Ana SayfaKategorisizAkşener, sessizliğini bozdu: “Kılıçdaroğlu'nun seçilmesi için elimizden geleni yapacağız”

Akşener, sessizliğini bozdu: “Kılıçdaroğlu’nun seçilmesi için elimizden geleni yapacağız”

Meral Akşener seçimden sonra ilk kez konuştu: “Türk milleti olarak bu seçimle birlikte önümüzde iki seçenek var: Sarayın büyüyen gölgesinde kayıp mı olacağız, millet iradesini yeniden hakim mi kılacağız?”

İYİ Parti Genel Başkanı Meral Akşener, 14 Mayıs seçimlerinden bu yana ilk kez konuştu. Akşener, partisinin genel merkezinde yaptığı basın toplantısında, 81 ildeki tüm İYİ Parti teşkilatlarının Çarşamba akşamından itibaren saha çalışmasına başladığını söyledi.

Akşener’in konuşmasından öne çıkanlar şöyle:

“Ev ziyaretleri yapacağım”

“Millet İttifakı’nın cumhurbaşkanı adayı Sayın Kılıçdaroğlu’nun 13’üncü cumhurbaşkanı seçilmesi için hepimiz elimizden geleni yapacağız. Ben de bu süreç içerisinde özellikle ilk turda tercihini Sayın Erdoğan’dan yana kullanan ya da Sayın Kılıçdaroğlu’ndan yana kullanmayan; ama Sayın Erdoğan’a da oy vermeyen vatandaşlarımızla birebir görüşmeler gerçekleştireceğim. İstanbul’da da yoğun bir saha çalışması programı olacak. Bu akşamdan itibaren İstanbul’a gidiyorum. Yarından itibaren bu programım başlıyor. Bu tür ilçelerimizde önce görünür bir şekilde bir çalışma yürüteceğim. Arkasından hemşehri dernekleri arkasından derin yoksulluğa dair daha önce başlattığım çalışmanın devamı olacak nitelikte ev ziyaretleri yapacağım.

“Önümüzde iki seçenek var”

“28 Mayıs’ta vereceğiniz kararla; ya seçim kazanmak uğruna kadınlara şiddeti, ölümü, tacizi, tecavüzü ve hatta sahiplendirilmeyi reva görenleri seçeceksiniz; ya da kadınların, çocukların gençlerin hakkını hukukunu koruyup iyileştirmek isteyenleri seçeceksiniz. 

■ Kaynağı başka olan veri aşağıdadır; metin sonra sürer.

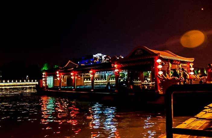 - 你还可以自由结伴前去游览古运河,夜色下的古运河在灯光的照耀下显得那么安详、宁静,看着风景真的是不错的选择!古运河扬州段是整个运河中最古老的一段。这一段运河最为古老,可谓历史遗迹星列、人文景观众多。乘坐游船沿着“乾隆水上旅游线”悠悠地向蜀岗瘦西湖风景区荡去,领略扬州夜色。那一幕幕美丽的风光不时出现在游客的面前,美丽的古运河风光,秀丽的古城,在越来越宽阔的水面上尽显它的美丽。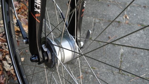 Shimano hub dynamo. It will eventually power my iPad mini while riding.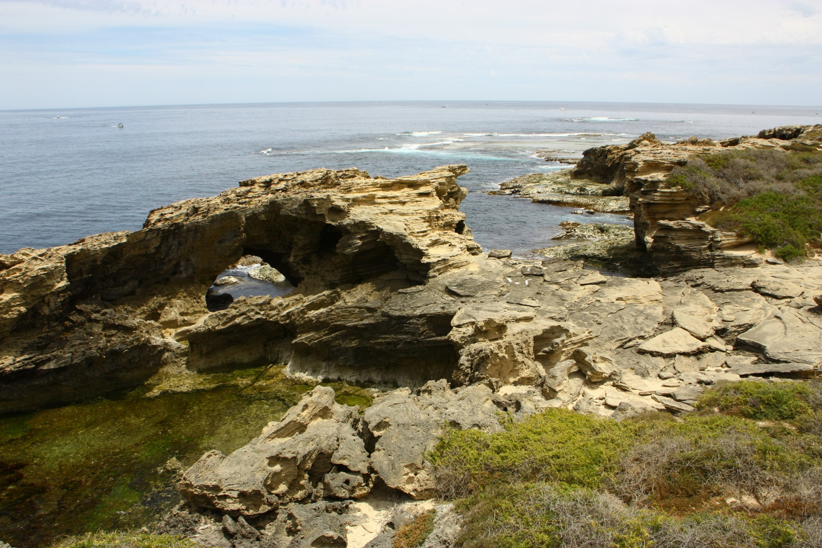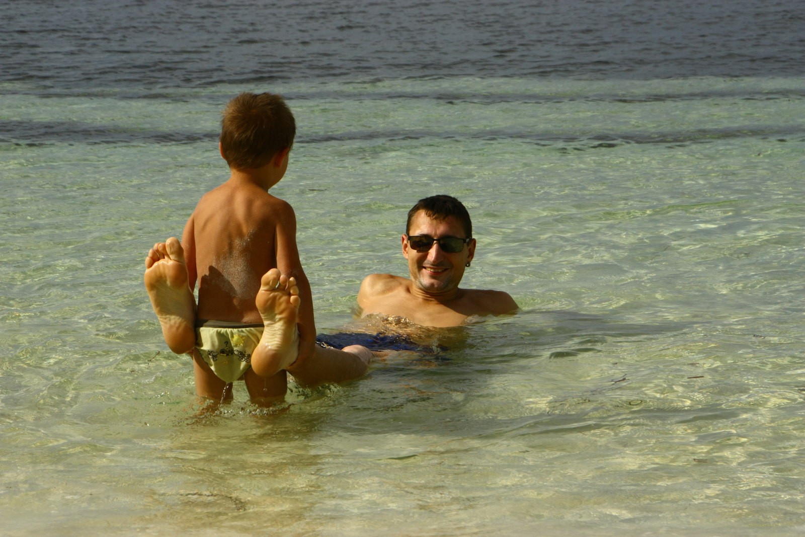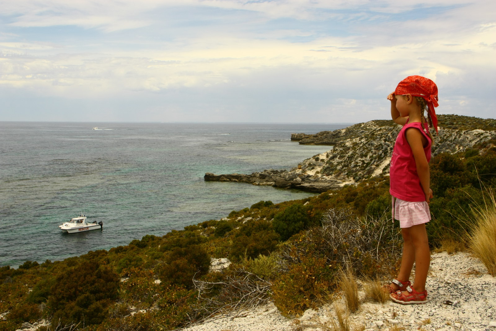 Die Fährfahrt ist angenehm, den Kindern gefällt’s auch. Auf Rottnest Island angekommen lösen wir das Busticket und fahren bis ans hinterste Ende, an den Falcon Beach. Wir haben viel Glück und sehen nicht nur Seehunde, die sich im seichten Wasser und der Brandung treiben lassen, sondern auch noch eine Schule von vielleicht 20 Delfinen, die in Küstennähe entlang schwimmen.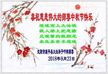 在這中秋佳節到來之時,弟子遙祝師尊中秋節快樂!弟子唯有聽師尊的話,做好三件事,修好自己,多救人,跟師尊回家。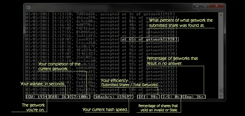 For Windows (GUI/Source): - Double-click on guiminer.exe in the binaries-win32 folder. - Expand the window so that the menu-bar is readable. - Click File > New Miner and enter a nickname for the miner. (Example: MyMiner) - Click on the tab for the miner you just created. - Enter your username and password, and choose your GPU from the dropdown list. (Note: Devices use the internal chipset names from the manufacturer. i.e. a Radeon HD5770 will show as "Juniper".) - In the "Extra Flags" box, type: -v -w128 - Click File > Save Settings so that your miner is saved for the next time you open the program. - Click on [Start Mining!] and you're done!
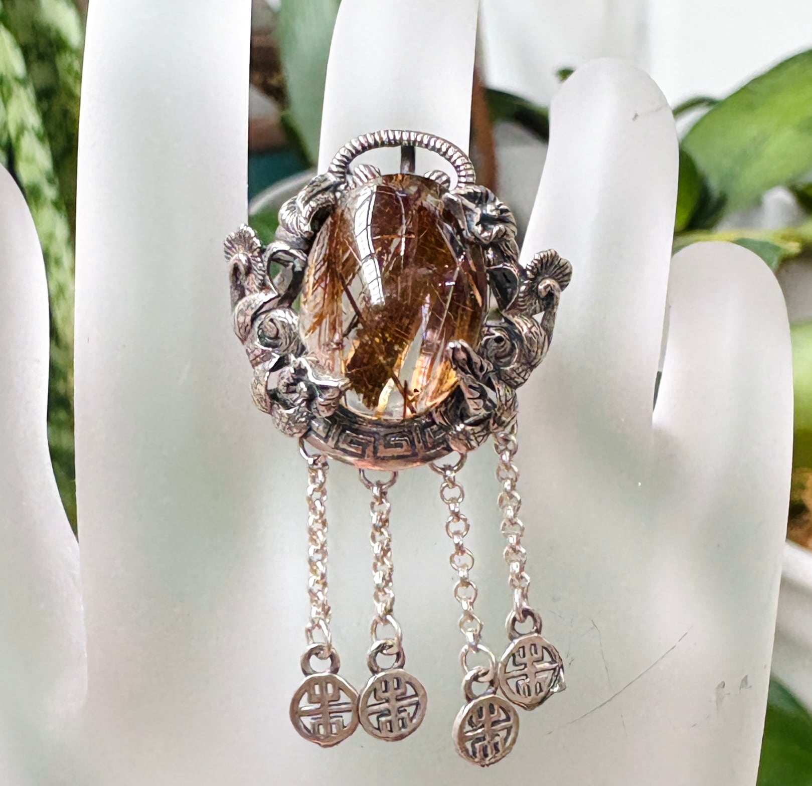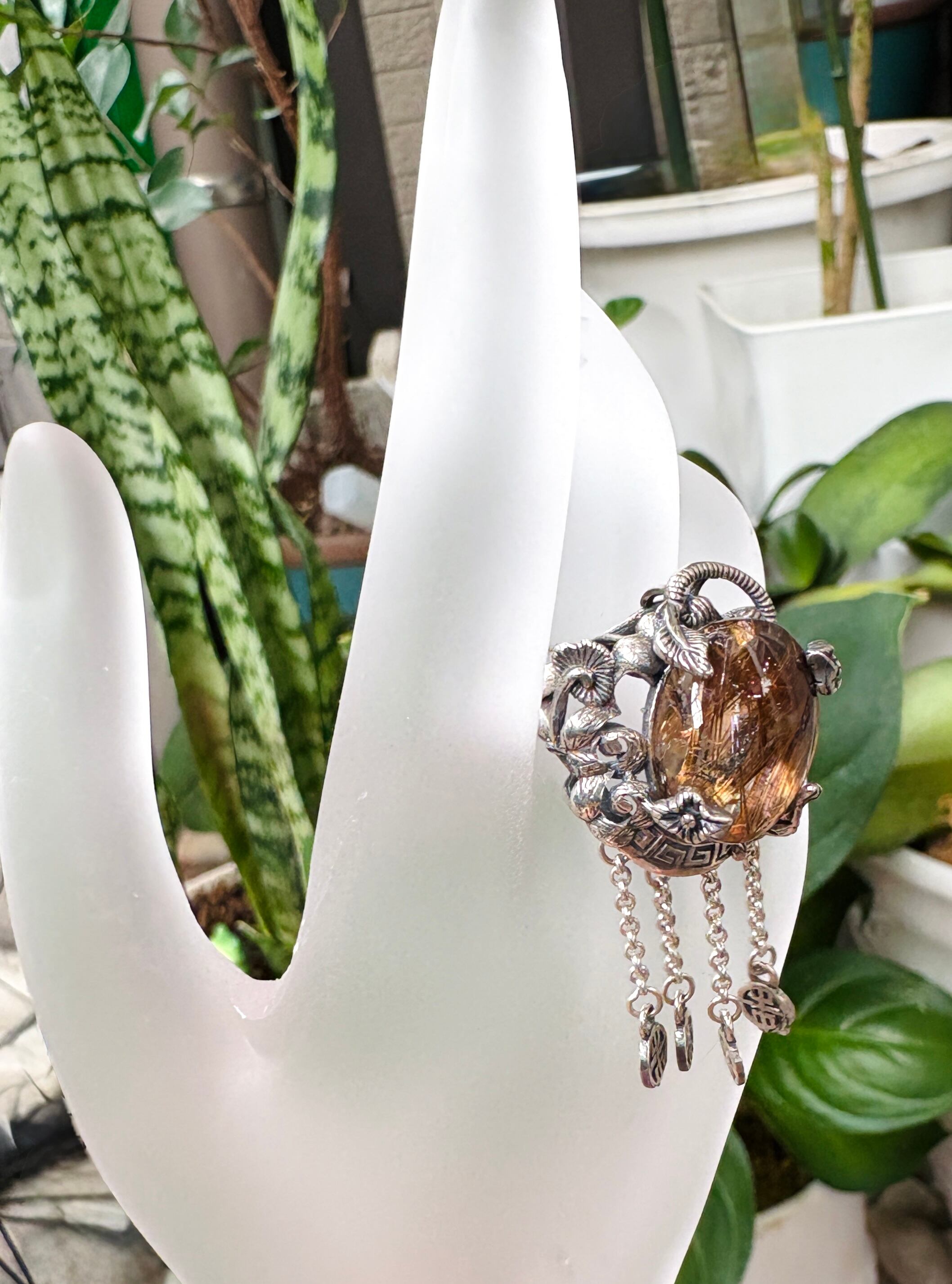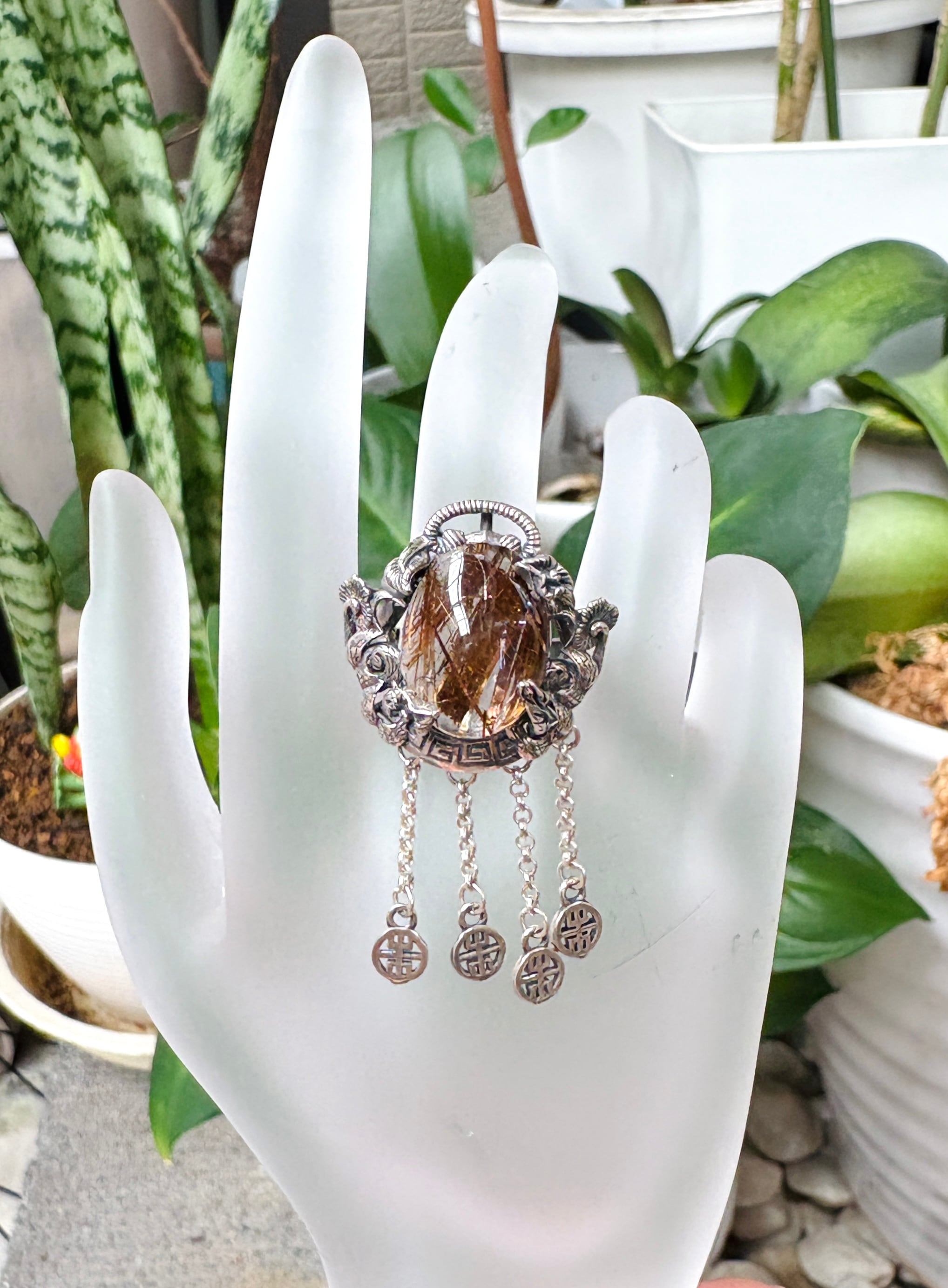 新着★存在感抜群!★金運UP!事業の安定!★ブロンズルチルクォーツ☆リング☆約15号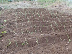 さて、、今日は元気になりまして、畑で玉ねぎの移植作業などを行いました。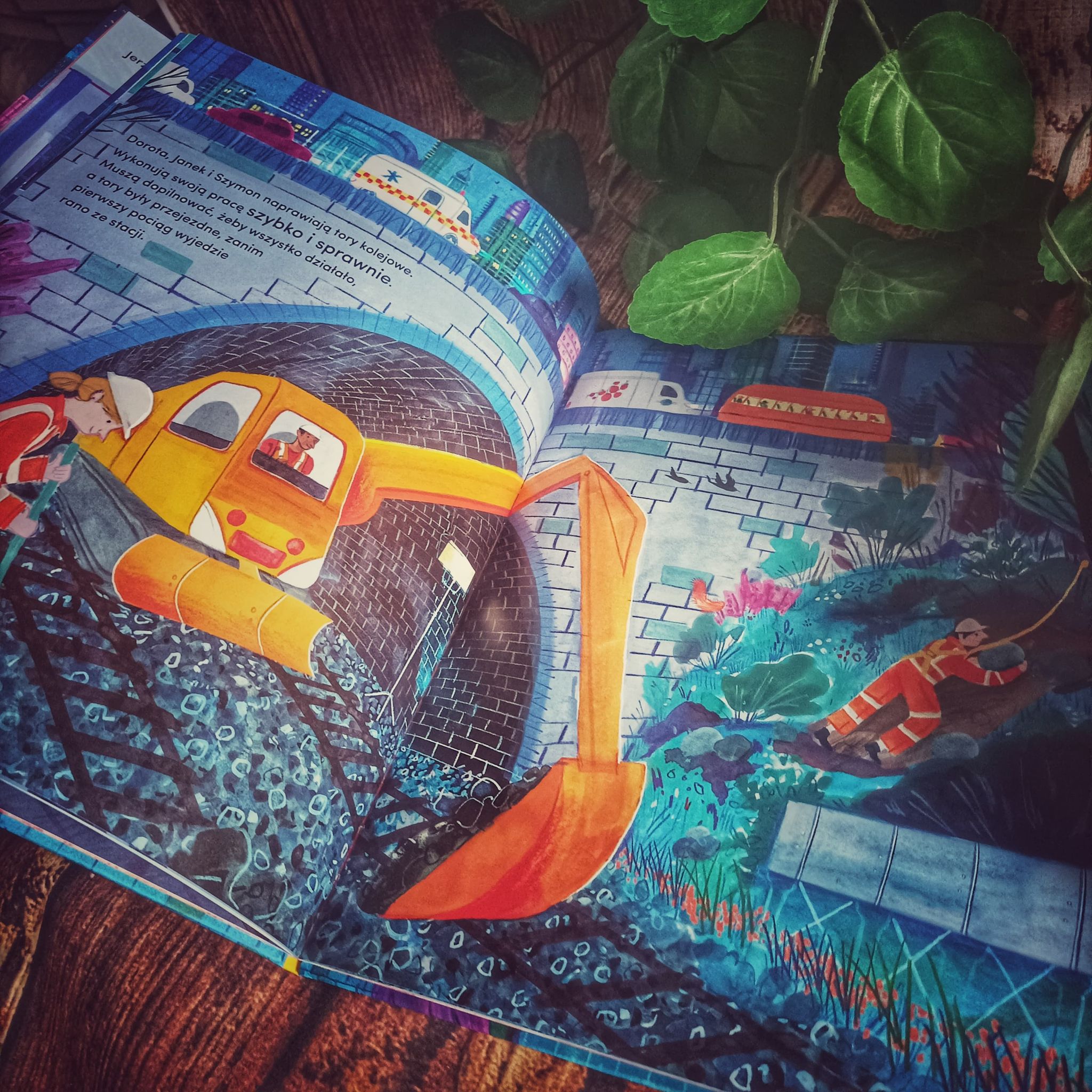 Chociaż Gdy zapadnie noc nie ma zbyt wiele stron, to trzeba przyznać, że skrywa w sobie mnóstwo informacji. Dla mnie to bardziej picturebook niż zwykła książka, bo jednak główną rolę odgrywają tutaj ilustracje. Treść jednak też jest ważna, zadbano, by była łatwa do odczytania i zrozumienia. Autorka wspomina o wielu zawodach wykonywanych nocą. To wtedy najlepiej sprząta się biura, rozpakowuje towar, dziennikarze dbają, by nie umknęła nam żadna wiadomość ze świata, a muzycy umilają wieczory swoim widzom. Piekarnie dbają, by rano w sklepach było świeże pieczywo, a pracownicy stacji paliw zapewniają paliwo. Dużo się dzieje na każdej z rozkładówek. A co najważniejsze książeczka pokazuje, ile ważnych i przydatnych zawodów wykonuje się nie tylko w dzień. I takie, które najlepiej wykonywać tylko w nocy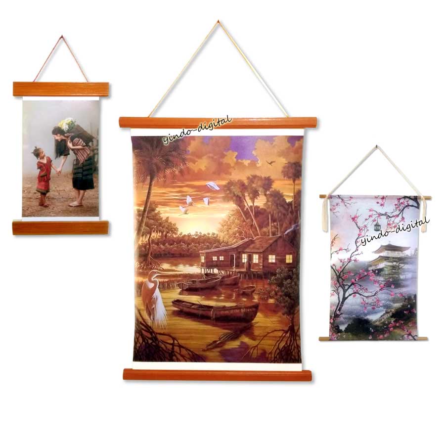 Digital print Yindo menyediakan poster gantung dengan hanging kayu.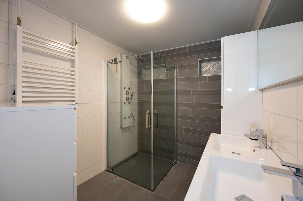 De moderne badkamer is voorzien van een regendouche, dubbele wastafel en een radiator.

Ya; dün olduğu gibi milli bayramlarda Atatürkümüzün adını bile anmamak için her şeyi yapanları seçeceksiniz ya da her milli bayramı Atatürkümüzün adıyla, iziyle kutlayanları seçeceksiniz. Ya ne mutlu Türküm demekten rahatsız, cumhuriyet değerlerimize gıcık olanları seçeceksiniz ya da varlığım Türk varlığına armağan olsun diye ant içenleri seçeceksiniz.  Ya 2019’da PKK’ya, 2023’te Hizbullah’a sırtını dayayanları seçeceksiniz ya da ülkemizde terörün gölgesini bile barındırmayacak olanları seçeceksiniz. Ya gücünü mafyalardan alanlardan, ya da gücünü yalnızca milletin iradesinden alanları seçeceksiniz. Ya ensar diye diye ülkemizi yol geçen hanına döndüren, vatandaşlığımızı pazarlayaları seçeceksiniz; ya da hududumuzu namus, nüfus cüzdanımızı tapu bilenleri seçeceksiniz. Ya Suriyelileri gönderemeyiz diyenleri seçeceksiniz ya da tüm oyunları bozarak, Avrupa’nın göçmen hendeği olmayı reddedenleri, sığınmacıları ülkelerine gönderecekleri seçeceksiniz. Ya düşman karşısında kan döküp kardeş olmuş büyük bir milleti birbirine düşman etmeye ant içenleri seçeceksiniz ya da Türkiye’nin birliğini ve beraberliğini demokrasi ile taçlandırmaya vaat eden Kılıçdaroğlu’nu seçeceksiniz. Ya öfkesi, kini ve hırsı ile ülkemizi ele geçirilmesi gereken bir kupon arazi olarak gören Erdoğan’ı seçeceksiniz; ya da saygı, sevgi, empati kültürünü benimseyen Kılıçdaroğlu’nu seçeceksiniz. Türk milleti olarak bu seçimle birlikte önümüzde iki seçenek var: Sarayın büyüyen gölgesinde kayıp mı olacağız, millet iradesini yeniden hakim mi kılacağız? 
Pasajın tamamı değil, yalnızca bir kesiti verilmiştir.